As an example, I present Exhibit A:
You’ll notice that this comment evidences classic trollsmanship and style. For starters, it’s written in all caps. As every creature under the sun knows (except maybe a sheep or a lemming), all caps is a form of online shouting. Two question marks and three exclamation marks follow. This troll was clearly torked from the get go. I use sheep and lemming as examples of dumb animals because, as you can see, that was the troll’s opening salvo. Whether or not this person actually read the blog, they decided to inquire as to my species.

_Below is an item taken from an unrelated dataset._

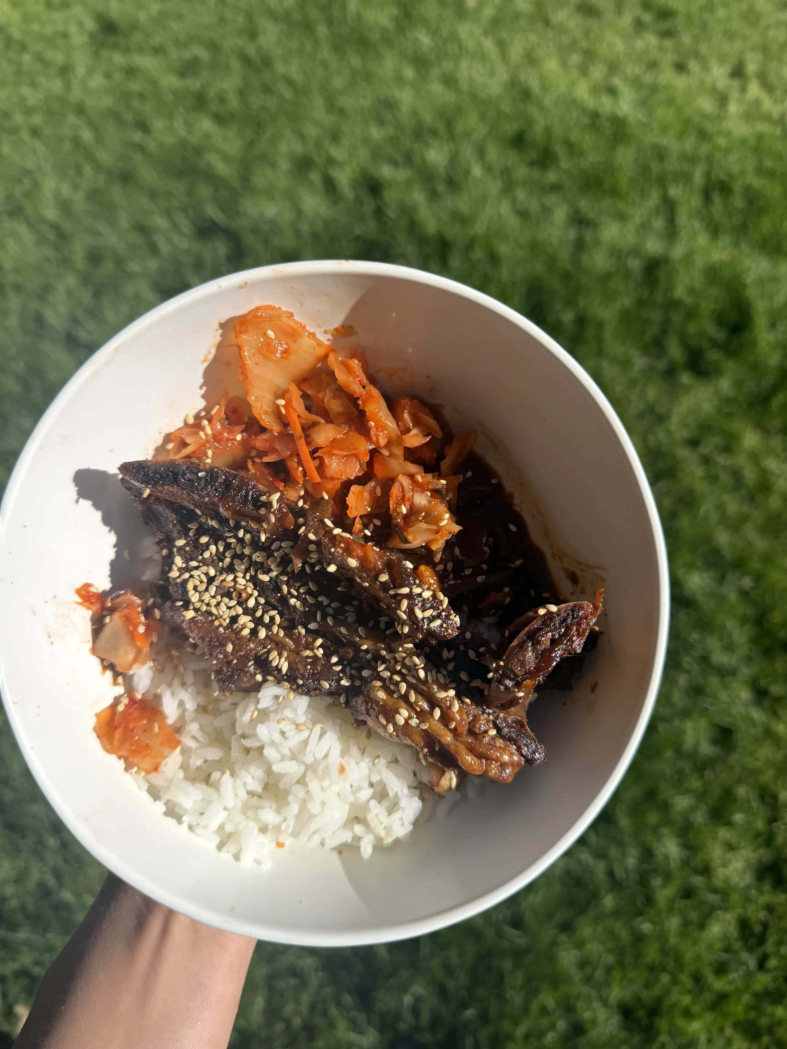 This recipe started off with me thinking I was going to make beef kalbi, thinly slices grilled marinated Korean short ribs, but when I opened my package of short ribs from Hyndman Beef and saw that they were thick cut had to change my game plan and the results ended up being even better than I had intended. This fall-off-the-bone recipe will surely delight. One thing I absolutely love about this recipe, besides how easy and hands off it is, is that I was able to make this entire recipe with ingredients I regularl have on hand (and you should too), making it an easy week night meal to make, especially in Idaho when its cold and snowing out and I don’t want to go to the store. It’s the perfect thing to make my clients when they want something comforting.

As you can imagine, I wasn’t happy about this. I mean, really? A sheep or a lemming? That’s it? Those are my only choices? What about a weasel or a wildebeest? What about a grizzly or a gazelle? I get that sheep and lemming are easily led and/or jump off cliffs with the masses, but come on! What if, in reality, I’m a buffalo or a bison (which are basically the same thing, right?)? What then?
Next, the troll takes the time to clearly and eloquently communicate the extensive research that informs his/her trollish perspective on all things COVID. While I’m inclined to agree that elements of the pandemic have been and continue to be totally bogus and totally stupid, I have a couple of problems with this statement. First, why use “totally” twice? Try some variety. Spice things up. Say “completely” or “entirely” or “utterly.” Second, in my estimation, the world is, on any given day, overflowing with totally bogus and totally stupid activity. Always has been, always will be. Because it’s chock full of... (altogether now...) PEOPLE. You gotta love ‘em!
I’m also a little confused by the final punctuation: eight (count ‘em) exclamation marks, combined with one number symbol and three laughing emojis. There must be a clandestine message in there somewhere. Something more than just a reference to Jack Nicholson in One Flew Over the Cuckoo’s Nest.
“A guy goes nuts if he ain’t got nobody. ...I tell ya, I tell ya, a guy gets too lonely an’ he gets sick.” - John Steinbeck, Of Mice and Men
Here’s the thing: trolls have it tough. It’s clear from their posts that they’re upset, feel threatened, and don’t get much TLC. They’re lonely and want someone to listen to them. Like every other person on the planet, they’re seeking to be understood.
So, Mr./Ms. Troll, if you are reading this, my advice for you and every other out-of-conTroll (see what I did there?) is as follows:
Take a break from the internet
Phone a friend
Pet a dog
Download a meditation app
Drink some chamomile tea
Read a good book
Learn origami, juggling, or woodworking... (maybe all three at the same time - which would qualify you for America’s Got Talent!)
And if you absolutely must go online, do it with purpose. Instead of trolling around, seeking whom you may devour, go to Amazon and order yourself a sense of humor. Get the industrial size. If you’ve got Prime, it’ll be here by tomorrow!